The horrifying massacre at Charlie Hebdo in Paris this week has been another reminder of the incomprehensible form of what Buddhists call the 3 kleshas. These are the characteristics of life in this Saha world that keep us cycling through birth and death in apparently endless succession. The kleshas are
• lust, passion or greed
• hostility, anger, or aggression
• dullness, stupidity or laziness
The murderous actions of these wanna-be Muslims demonstrate once more the capacity of humans to sink to the bottom of the barrel. There is no defense, no justification, no rationale for this. Its plain and simple mindless brutality and terror.
It is a challenge for any of us in any religious tradition to uncover common humanity, forgiveness and compassion for these perpetrators. This is not unique. We face this regularly with the Robert Picktons, Paul Bernardos and Luka Magnottas who parade their viciousness across the media.

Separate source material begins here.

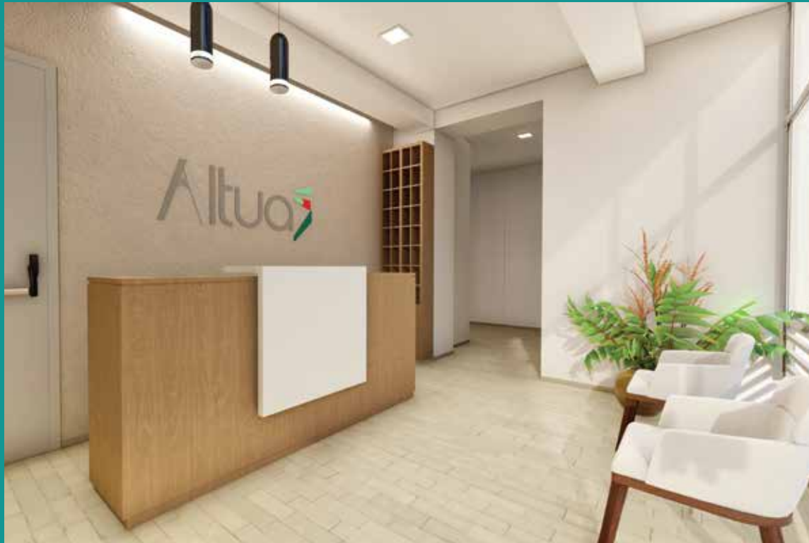
RECEPCIÓN TIPO LOBBY

We often hear that ours is a practice of non-judging and acceptance. This does not mean we are numb or passive about such atrocities. It certainly does not mean we accept such acts. Non-judgment in Dharma practice means we can acknowledge and condemn the shameless violation of the standards for human behaviour while, at the same time, acknowledging the presence of the kleshas in all our lives. We can find forgiveness and compassion through accepting how all humans are capable of such brutality, and are also capable of escaping that three-pronged curse through a life of honest faith. The pathetic excuse of espousing violence as a religious duty only deepens the stains of ignorance, selfish greed and aggression, only embeds the actors deeper in the endless suffering of samsara. May there be peace for all the heart-broken families.